Be demanding of your devices. Before implementation, WellSpan evaluated infusion pumps three times, “not feeling at first that the pumps were at the level they needed to be for safety and integration,” Ms. Muller said. “But in 2009, we felt they were ready.”
There are several technology components in the new integrated infusion management system at WellsSpan Health. But the view of infusion status that can be gleaned from the infusion pumps may be one of the most welcome features to nurses, according to Sharon Muller, RN, MSN, the hospital system’s coordinator of nursing informatics.

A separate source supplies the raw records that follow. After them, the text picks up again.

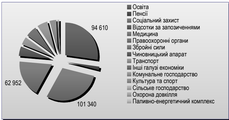
Рис.3. Розподіл видатків місцевого бюджету України за функціями у 2016 році, млн. грн.

Структура видатків місцевого бюджету України у 2016 р. представлена на рис.3.
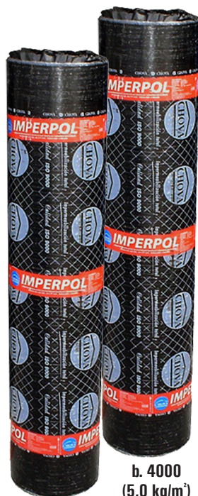
a. 3000 (4,3 kg/m 2 )
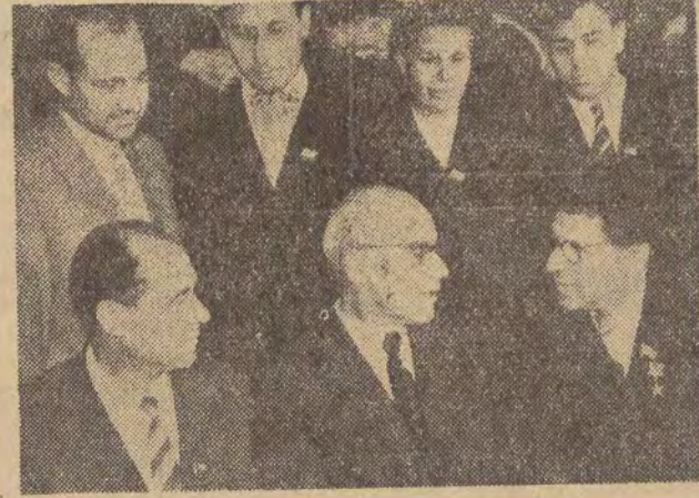
I sekretarz KC KPZR Władysław Gomułka rozmawia z delegatami obwodu włodzimierskiego na XXII Zjazd KPZR podczas przerwy w obradach.

NOWY JORK (PAP). — Związek Radziecki przedłożył w Zgromadzeniu Ogólnym NZ formalny projekt rezolucji w sprawie przywrócenia Chińskiej Republice Ludowej przy sługujących jej praw w ONZ. Projekt rezolucji uznając konieczność tego kroku i wskazując, że tylko przedstawiciel Chin Ludowych posiada kompetencję reprezento-
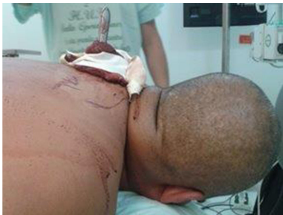
Figura 1 – Paciente en posición prono con cuchillo clavado en columna torácica.

Los estudios imagenológicos con tomografía computarizada de tórax (fig. 2) fueron realizados en PP. Se descartó neumotórax y se estableció la posición exacta de la hoja del
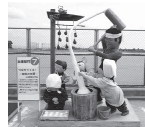
▲昨年のががし大将作品 「つながってる!~家族の気餅~」

深 めよう地域の絆をテーマに、さかい夏祭りを開催します。メインは恒例のかがしコンテストと昔懐かしい踊り。今年のががしのテーマ「心に残るみんなの思い出」には、計56体のががしが出展予定です。ステージ発表からフィナーレの花火まで、みんなが楽しめるイベントにお越しください。
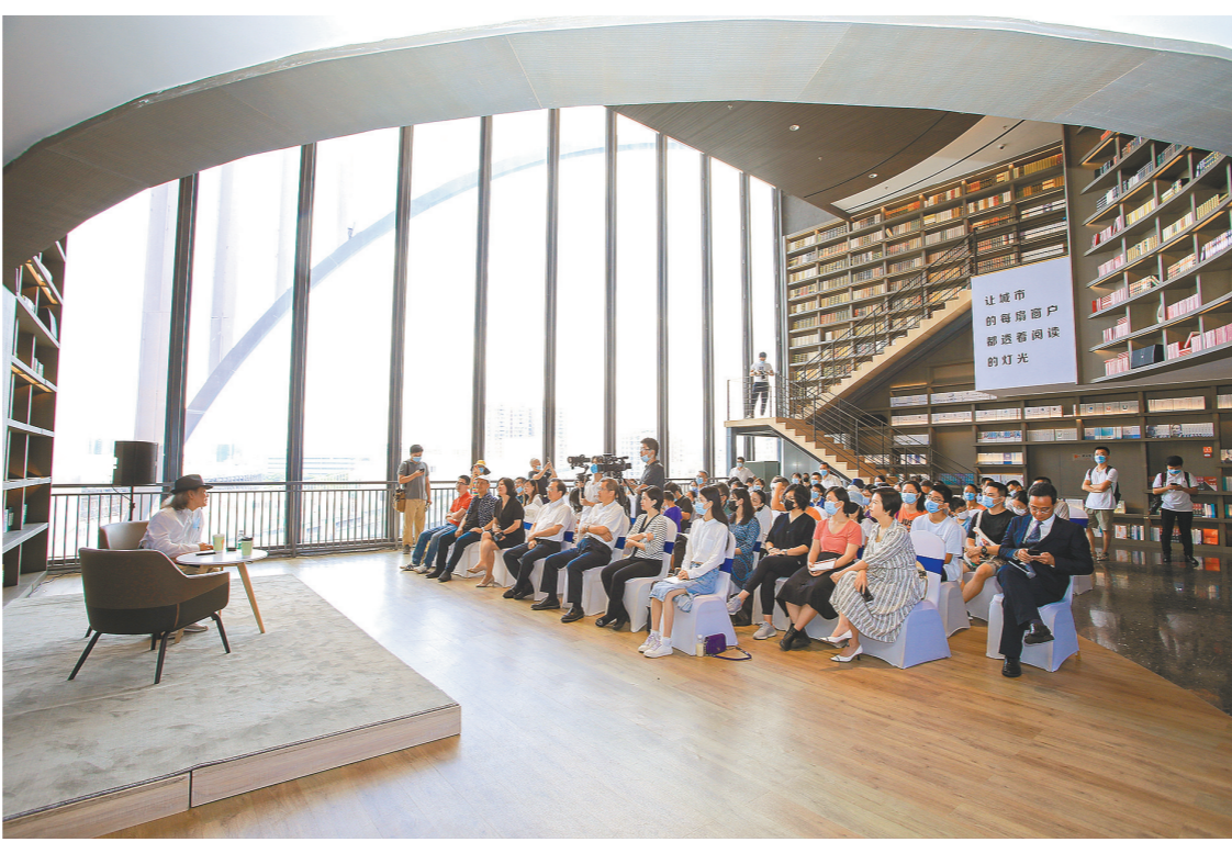
漫画大师蔡志忠龙华开讲

8月25日,蔡志忠美术馆落户龙华签约仪式暨“传统文化与国学思想”专题讲座在深圳市书城龙华城举行。蔡志忠的漫画以中国传统文化为题材,从诸子百家到四书五经,从唐诗宋词到民间传说,将经典加以现代诠释并通过漫画形式展现。

Data displayed on the pump’s monitor show the order name, dose and rate, weight of the patient, volume to be infused, time to start infusion, and time remaining in “a continuous volume countdown,” Ms. Muller explained. In a typical use situation, the nurse verifies that all the information on the display is correct and that starts the pump’s two-way communication with the electronic health record.
“Once the data start flowing,” Ms. Muller said, “the clinicians can see the documentation in a number of different views, including an interactive view of all devices associated with the patient, including the pumps, monitors and ventilators.”
The pump displays a real-time view of “exactly what is infusing in a patient,” she further explained, as well as the status of an infusion and when it is going to be complete. “The nurse can quickly see what she needs to bring into the patient’s room, so if she is out at the desk, she can still see when she has to bring the next medication into the room.” The system also gives nurses a view of all the patients and their associated infusions on a unit level.
With the system and its various views, “the nurse is no longer the integrator of data,” Ms. Muller said. “She or he can let the pump send the data and she or he can then spend more time evaluating, synthesizing, looking at the data and focusing on it to see the full clinical picture.”
In addition to documenting what has been done in real time, with every titration the system displays for nurses a set of vital signs, and it graphs the data.
All these views and data points “simplify and streamline the IV medication process” for nursing, Ms. Muller said. As a result, the number of steps in the medication process “went from up to 42 down to seven when you program a weight-based medication. And, when you document what’s been done, the number of steps drop from 14 down to two.”
Additionally, in 97% of infusions, all the drugs being programmed are in the drug library on the pump, making optimal use of the pump’s safety software.
Chip Gerhart, RPh, the medication safety officer at WellSpan York Hospital, pointed to another major benefit of the workflow management system. Because it integrates with nursing views for each infusion, he explained, nurses gain insight into the production of each infusion, “eliminating the need for direct contact with pharmacy personnel altogether and minimizing disruptions to normal workflows for both groups.” This benefit alone has enhanced patient safety, Mr. Gerhart added, “because the safety literature demonstrates that distractions lead to errors.”